Третий колодец и другие рассказы

- -
- 100%
- +
Иногда по вечерам шахтёры говорили странные вещи. Жюль утверждал, что настоящий свет виден только после двенадцати часов под землёй.
— Тогда свеча становится живой.
— Это усталость…, — робко заметил Винсент.
— Нет, — вмешался Матье. — Просто наверху люди света не замечают. Его слишком много.
Он поднял чёрную руку.
— А здесь каждая искра — как чудо.
Однажды произошёл обвал. Небольшой. Но одного из братьев Делакруа придавило балкой. Когда его вытащили, он ещё дышал. Винсент держал его голову на коленях. Шахтёр смотрел куда-то мимо всех.
Он умер через несколько минут.
Всю ночь Винсент не спал. А утром впервые заметил: как странно светится жёлтый фонарь в угольной пыли. Будто цвет может быть сильнее предмета.
Зимой Боринаж стал почти чёрно-белым. Белый снег и чёрные терриконы. Тёмные фигуры шахтёров.
На закате Винсент увидел женщин, возвращавшихся с работы. Их лица были серыми от пыли, пальцы потрескались от холода, платья были почти бесцветными. Но заходящее солнце внезапно окрасило всё вокруг густым золотом. Матье сказал:
— Видишь? Люди светятся сильнее, когда им тяжело.
— Почему?
Старик посмотрел на терриконы.
— Потому что Бог любит не счастливых, а живых.
Весной церковное начальство отстранило Винсента. Слишком странный, слишком бедный, слишком похожий на шахтёров.
В последний вечер бригада собралась проводить его. Молчали долго. Потом Огюст вдруг сказал:
— Ты всё время смотришь так, будто хочешь что-то понять.
— Может быть.
— И понял?
Винсент ответил не сразу. За окном дымились шахты, красное солнце тонуло в чёрном воздухе Боринажа.
— Да, — сказал он тихо. — Человек — это свет, который пытается пройти через тьму.
Спустя годы Винсент ван Гог будет писать жёлтые поля, жёлтые окна, жёлтые звёзды, жёлтые солнца.
Иногда Винсенту снился Боринаж, глубокая шахта, чёрные лица, свеча в темноте.
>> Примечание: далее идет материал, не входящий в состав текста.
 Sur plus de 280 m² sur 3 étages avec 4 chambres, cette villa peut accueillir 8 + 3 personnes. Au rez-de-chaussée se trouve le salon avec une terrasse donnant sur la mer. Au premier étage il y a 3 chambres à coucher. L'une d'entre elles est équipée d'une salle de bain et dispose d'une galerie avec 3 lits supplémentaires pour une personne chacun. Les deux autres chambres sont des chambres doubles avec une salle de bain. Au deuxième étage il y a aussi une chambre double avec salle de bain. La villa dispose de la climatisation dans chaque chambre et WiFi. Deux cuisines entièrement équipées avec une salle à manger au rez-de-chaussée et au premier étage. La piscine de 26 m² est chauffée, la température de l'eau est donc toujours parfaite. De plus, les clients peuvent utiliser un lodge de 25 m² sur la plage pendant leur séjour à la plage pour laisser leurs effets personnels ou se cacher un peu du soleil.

И голос старого Матье:
— Здесь каждый луч света — как чудо.
Третий круг

В июне 1889 года Василий Кандинский уже несколько дней ехал на север.
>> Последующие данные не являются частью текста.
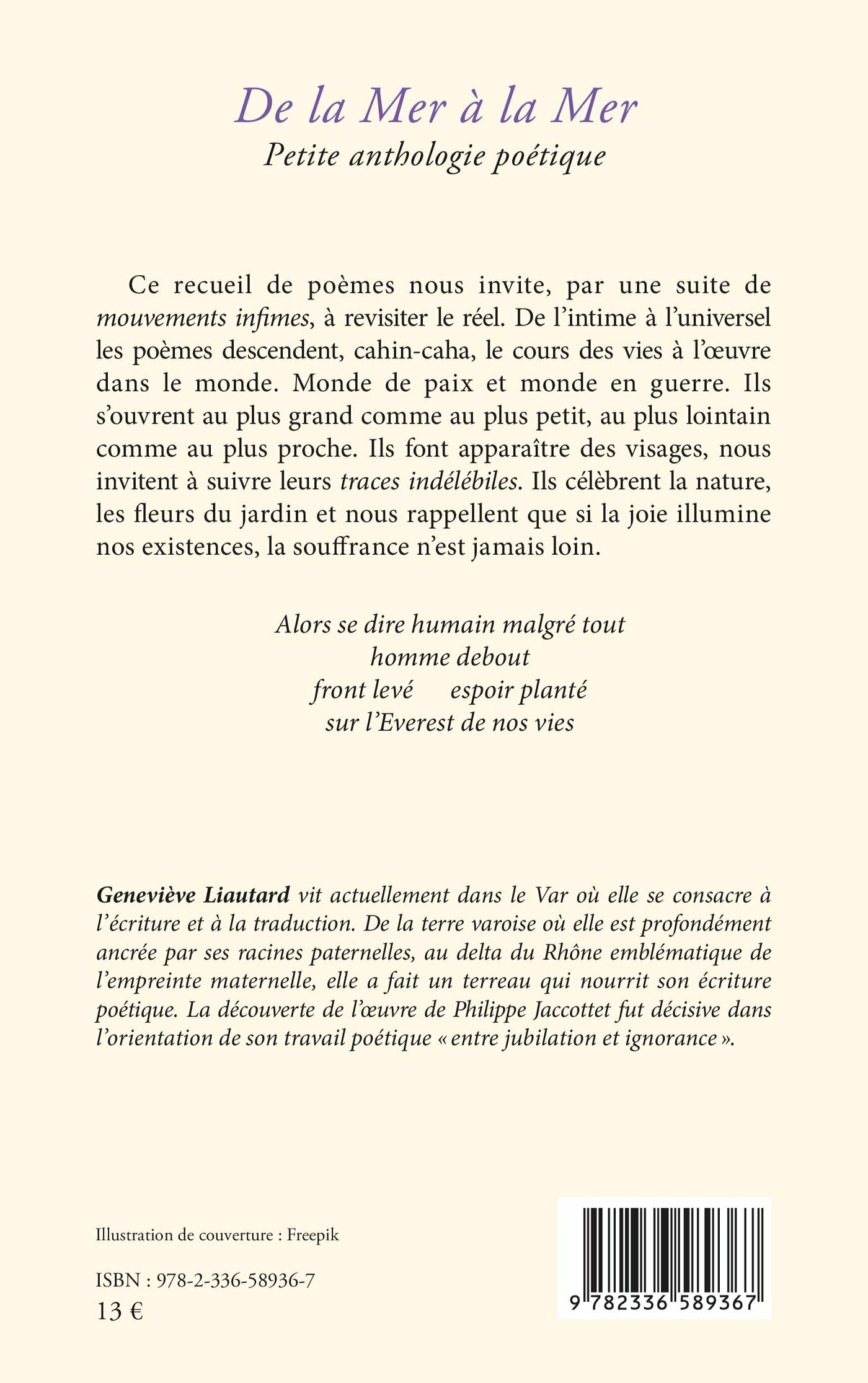 Ce recueil de poèmes nous invite, par une suite de mouvements infimes, à revisiter le réel. De l’intime à l’universel les poèmes descendent, cahin-caha, le cours des vies à l’œuvre dans le monde. Monde de paix et monde en guerre. Ils s’ouvrent au plus grand comme au plus petit, au plus lointain comme au plus proche. Ils font apparaître des visages, nous invitent à suivre leurs traces indélébiles. Ils célèbrent la nature, les fleurs du jardin et nous rappellent que si la joie illumine nos existences, la souffrance n’est jamais loin.

Сначала была железная дорога до Вологды. Потом — медленная Сухона. Затем тарантас, бесконечные леса, зыбкие болота, ночной холод среди белого лета и странное чувство, будто привычный мир растворяется, как берег в тумане.
Позже он напишет: «Я ехал словно на другую планету».
Но тогда, в дороге, двадцатитрёхлетний Василий ещё не знал, что едет не к зырянам. Он ехал к самому себе.
Провожатого ему дали в Яренске.
Старик появился утром у почтовой станции — высокий, худой, в вытертом синем кафтане. Лицо было тёмное, словно высушенное северным ветром, а глаза — светлые и спокойные, как зимнее небо.
— Савватей, — сказал он, не протягивая руки. — Дальше одному не надо. Лес любит кружить.
Позже Кандинский не раз пытался вспомнить, кто именно нанял старика. Иногда ему казалось, что Савватей появился просто из дороги.
Они ехали молча часами. Север становился всё более странным. Леса здесь не росли — стояли. Болота — дышали. Тишина — слушала.
К вечеру старик вдруг спросил:
— Ты зачем к зырянам едешь?
Кандинский оживился.
— Я изучаю народную культуру. Поверья, символы культуры.
Савватей кивнул, будто услышал что-то давно известное.
— Значит, за знаками.
— Можно и так сказать.
— А знаки тебе зачем?
— Чтобы найти смысл.
— Через знаки смысл не понимают.
— А через что?
— Через то, что между ними.
Ночевали в избе под Усть-Вымью. Кандинский долго не мог уснуть.
В избе — красные, чёрные, охряные круги на прялках. Синие линии на сундуках. Треугольники над окнами.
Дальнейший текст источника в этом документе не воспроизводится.